建物躯体が在来の軸組みによって構築される場合、支持部は対向する柱や壁等に設けることができる。柱に支持部を設ける場合、振り子部材は柱間に配置して前記一対の支持部材によって支持すればよい。柱間には壁材を設けることによって振り子部材を覆い隠すことができる。また、建物が鋼製の柱や梁によって構築される場合でも同様にして支持部、振り子部材、制振部材を設けることができる。さらに、建物がパネル工法によって構築される場合、壁パネル内に振り子部材を配置するとともに、壁パネルを構成するフレームに支持部材を設ければよい。なお、パネル工法は、壁や床、屋根といった構成要素を予め工場にてパネル化しておき、施工現場でこれらのパネルを組立てることによって建物を構築する工法である。また、建物がツーバイフォー工法によって構築される場合、壁内にある骨組みを構成する木材に、支持部、振り子部材、制振部材を設けてもよい。
また、支持部、振り子部材、制振部材は柱や梁、壁パネル、床パネル等の構造材に直接取り付けてもよいし、支持部、振り子部材、制振部材を設けたフレームを介して間接的に取り付けつけてもよい。

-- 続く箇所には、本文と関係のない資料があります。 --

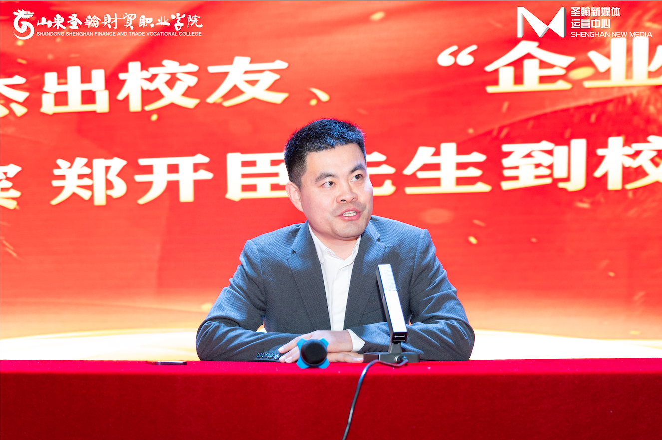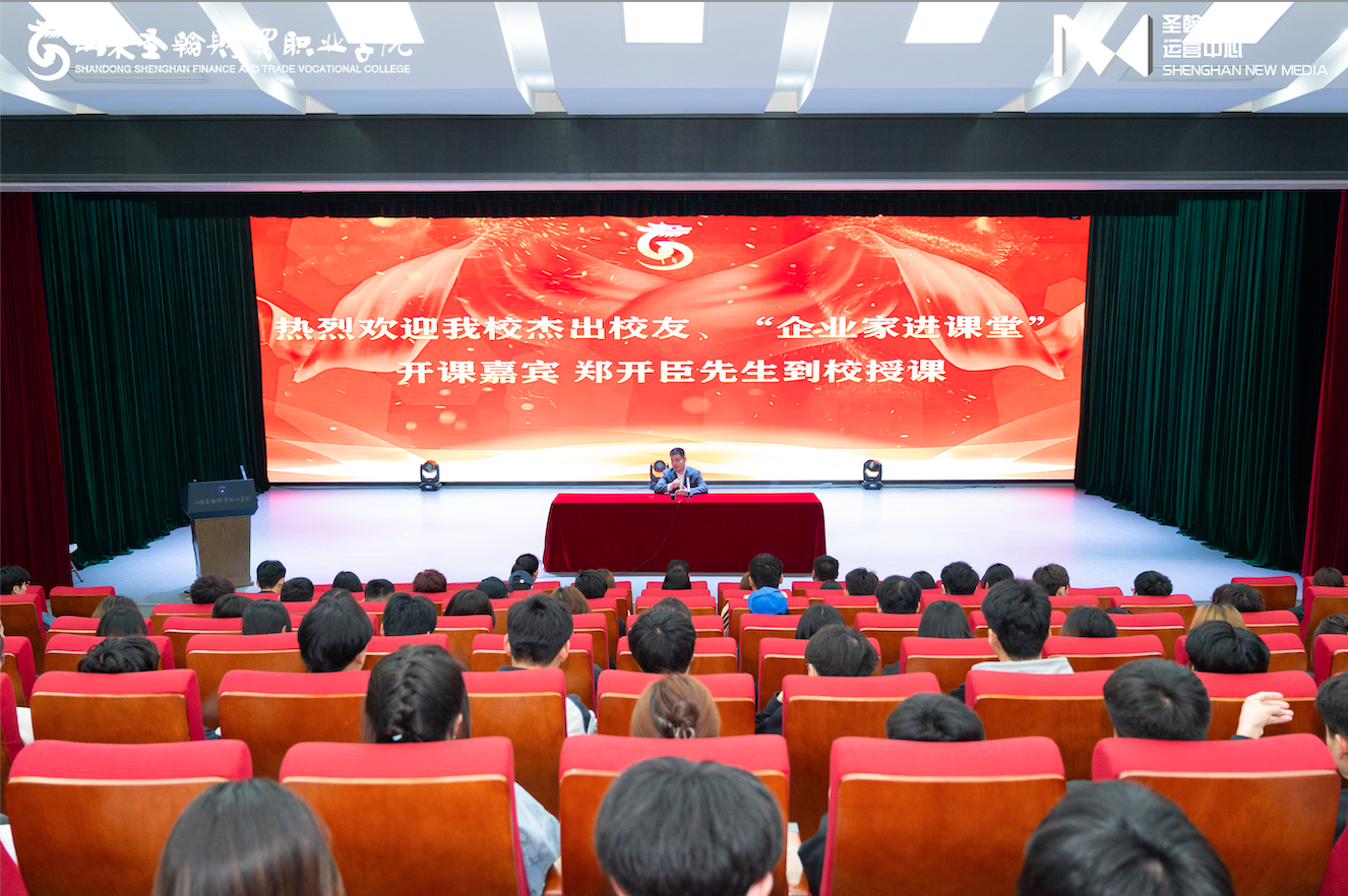 我校杰出校友、杭州智谷数字能源科技有限公司郑开臣董事长作为开课嘉宾进行专题讲座。郑开臣从“职业规划,赋能人生”、“我的青春岁月”、“实习与就业”等方面分享了其成长、求学和创业心得,号召同学们努力学习,饮水思源,回报国家、回报社会、回报母校。一个多小时的讲座,表达出了他对圣翰的感情、对母校的热爱和对学弟学妹的殷切希望。

さらに、制振部材としては、バネとダンパからなる制振部材、ゴム、オイルダンパー、粘弾性材料などが好適に使用され、さらには摩擦で震動を減衰させるものでもよい。
また、前記支持部、振り子部材、制振部材等は、新築の建物に組み込んでもよいし、既設の建物にリフォームとして組み込んでもよい。
すなわち、建物躯体1に地震等の震動によって変形が生じると、この建物躯体1の柱、梁、壁、床等の構造材に水平方向に対向して設けられた一対の支持部7,7が変位する。一対の支持部7,7が変位することによって、振り子部材6が一対の支持部7,7間の略中央部を中心として振り子のように振れ、この振り子部材6の端部は振れが増幅され、これによって、前記一対の支持部7,7の変位が増幅される。したがって、振り子部材6の端部と建物躯体1の構造材(矩形フレーム3)との間に設けられている制振部材の変形を増幅できるので、建物躯体1の小さな変形から制振機能を有効に働かせることができる。
また、制振部材11の変形速度も建物躯体の変形速度より増幅することができるため、エネルギー吸収性能が変形速度に比例する制振部材(例えば粘弾性材料など)を用いる場合には、より効率的にエネルギーを吸収でき、大きな減衰力を発揮できる。
前記建物躯体が在来の軸組みによって構築される場合に、前記支持部は対向する柱、壁等に設けられていることを特徴とする。
前記建物躯体がパネル工法によって構築される場合に、前記支持部は壁パネル2を構成するフレーム3の縦框材4,4に設けられていることを特徴とする。
前記建物躯体がツーバイフォー工法によって構築される場合に、前記支持部材は壁内にある骨組みを構成する縦方向の木材に設けられていることを特徴とする。
また、制振部材の変形速度も建物躯体の変形速度より増幅することができるため、エネルギー吸収性能が変形速度に比例する制振部材(例えば粘弾性材料など)を用いる場合には、より効率的にエネルギーを吸収でき、大きな減衰力を発揮できる。
(第1の実施の形態)
図1〜図3は、本発明の第1実施形態を説明するもので、図1は本発明に係る建物の制振構造(以下、制振構造と略称する。)が設けられた建物を示す正面図、図2は本発明に係る制振構造を示す正面図、図3は図2におけるA−A線断面図である。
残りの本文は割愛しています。